Corporate integrity

Perspectives

Corporate integrity

Spotting the bad ‘penny’

Can a company predict where it may face compliance weaknesses, and act ahead to address them? Eugene Soltes, a professor at Harvard Business School and author of a top-selling book on white collar crime, has spent much of his career trying to understand why outwardly successful employees are tempted by ‘the dark side’ and into fraud. Based on his experience, including visiting convicted white-collar criminals in prison, he has looked at corporate ‘integrity gaps’ to create predictive models for identifying potential weak spots and to develop a methodology and training for corporates to minimise them.

“The challenge today in compliance is that a lot of initiatives are deployed in generic ways across everyone in the organisation, rather than in more targeted ways”, he explains. “However, risks within an organisation differ among employee groups and subcultures. So ‘carpet bombing’ with one-size-fits-all compliance is not only costly, but often ineffective.”

Soltes explained his work at last year’s Deloitte Swiss Investigation Forum in Zurich. He aims to design tailor-made compliance programs for risk areas, along with fine-tuning existing schemes.

The first step is to gather data that many organisations already have, but typically do not aggregate to understand culture. Ideally, this involves gathering information about past allegations of misconduct, along with additional HR and performance data, and internal survey findings about job satisfaction. Based on this information, and aided by sophisticated machine learning technology, Soltes has created models highlighting potential danger points. Notably, such analytics have the potential to allow firms to peer into the future of what misconduct is likely to arise and where, not simply what has already happened.

“Organisations habitually focus on the past. We aim to look to the future; to try to make compliance more predictive by analysing where and how things might go wrong.”

As an example, his research has demonstrated that the chances of an employee compliance violation are six-and-a-half times greater when the employee’s manager has had a personal misconduct issue. Similarly, past allegations can predict future misconduct. ‘Bad Penny’ whose records contain a substantiated or unsubstantiated misconduct allegation are significantly more likely to behave badly again.

Soltes has built analytic ‘dashboards’, which identifies different risks by area, their possible causes, and potentially vulnerable groups or ‘pockets’ of employees. Based on these findings, companies can better identify where there are emerging risks.

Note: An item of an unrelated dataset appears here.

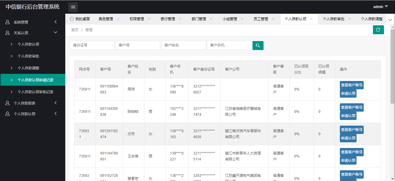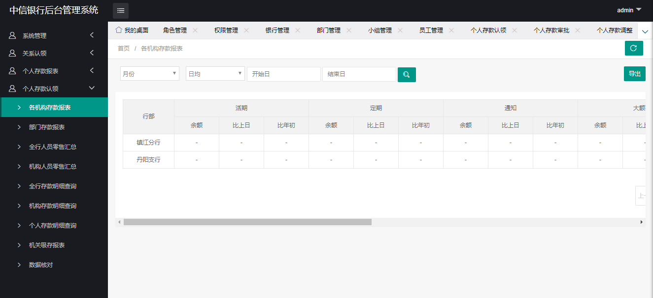 项目为中信银行镇江分行所定制开发,用于镇江分行及下属支行的业绩认领与绩效考核。

But identifying these groups is only half the work. The next stage is to devise compliance initiatives to more impactfully influence employee conduct and monitor the success of such efforts. That’s where Soltes is now with his research. “You shouldn’t get credit for an effective compliance programs unless you can really see and measure the changes in behaviour.”

Tools like policies, training, and monitoring are a nature place to start. However, the trick is to identify the right mix for each group of individuals in order to obtain the appropriately results. “After one does the analysis, it becomes very clear some groups need far more compliance and integrity attention, while others need relatively less.”

Already the research demonstrates that certain novel and appropriately tailored approaches can change people’s conduct significantly – to the extent of localised differentiation producing different results. “That’s a long way from the one-size-fits-all box-ticking of group-wide compliance training schemes”, stresses Soltes.

Deloitte's own experience in assisting corporates to protect themselves against economic crime supports Soltes’ hypothesis. In spite of ever-larger and more costly corporate compliance programs being put in place, compliance shortfalls continue to occur. Finding the balance between spiraling costs and securing actual benefits continues to be elusive, and more targeted, data driven approaches certainly seem able to deliver much better results and protection. ‘Tick-the-box’ procedures are certainly not the answer for effective compliance programs. Meaningful fraud risk assessment and mitigation needs to focus on why people do what they do, and to try to understand risk exposures on a targeted individual level, harnessing all of the power that 'big data' can bring.